The project will be carried on in collaboration with French and international partners. In particular, Mohamed Ragab from the University of Tartu (Estonia), who contributed to the preliminary work to this project [4,7], and Angela Bonifati from Lyon 1 University in France, who shares the vision and the expertise on Big Graph processing [1].
- Sakr, Sherif, et al. “The future is big graphs: a community view on graph processing systems.” Communications of the ACM64.9 (2021): 62-71.
- Hogan, Aidan, et al. “Knowledge graphs.” Synthesis Lectures on Data, Semantics, and Knowledge 12.2 (2021): 1-257.
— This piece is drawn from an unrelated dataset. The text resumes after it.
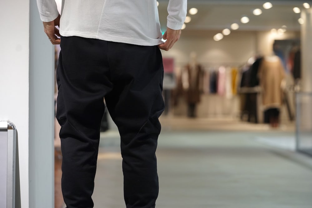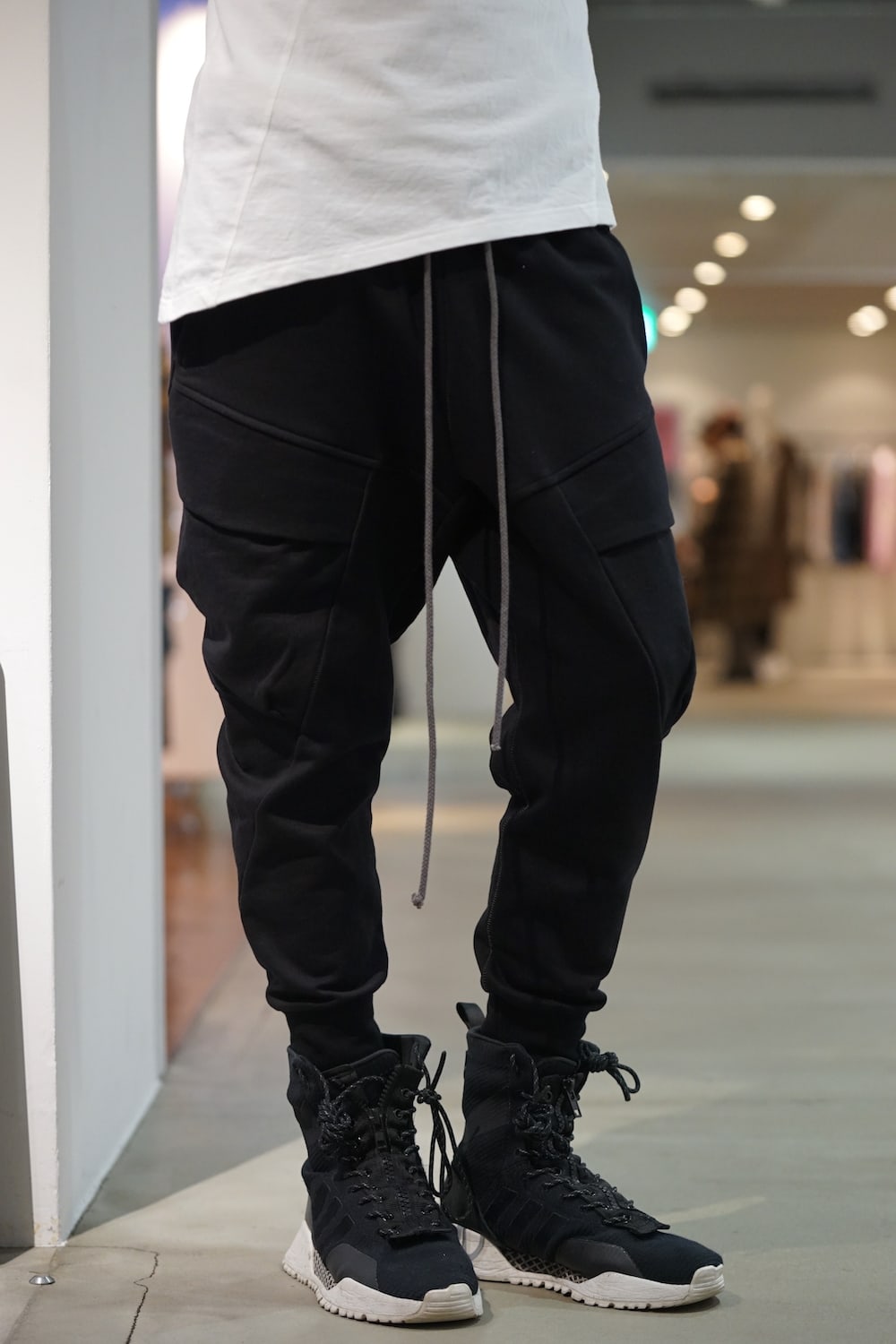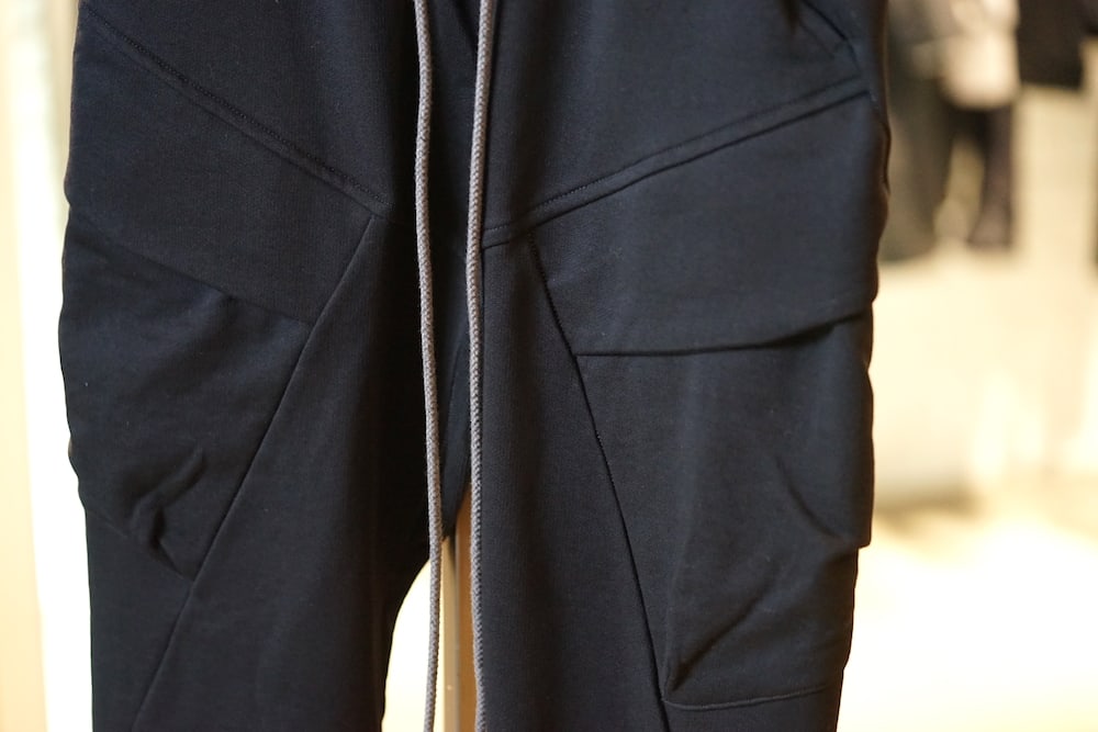 スパイラルしたような立体裁断がお好きなお客様にはぴったりなリブ型パンツ。カーゴ型パンツと言いましてもシンプルな部類に入るようなイメージかと思います。

- Cossu, Matteo, Michael Färber, and Georg Lausen. “Prost: Distributed execution of SpaRQL queries using mixed partitioning strategies.” arXiv preprint arXiv:1802.05898(2018).
- Ragab, Mohamed, Feras M. Awaysheh, and Riccardo Tommasini. “Bench-Ranking: A First Step Towards Prescriptive Performance Analyses For Big Data Frameworks.”
- Schätzle, Alexander, et al. “S2RDF: RDF querying with SPARQL on spark.” arXiv preprint arXiv:1512.07021 (2015).
- Schätzle, Alexander, et al. “Sempala: Interactive SPARQL query processing on hadoop.” International Semantic Web Conference. Springer, Cham, 2014.
- Ragab, Mohamed, et al. “An In-depth Investigation of Large-scale RDF Relational Schema Optimizations Using Spark SQL.” DOLAP. 2021.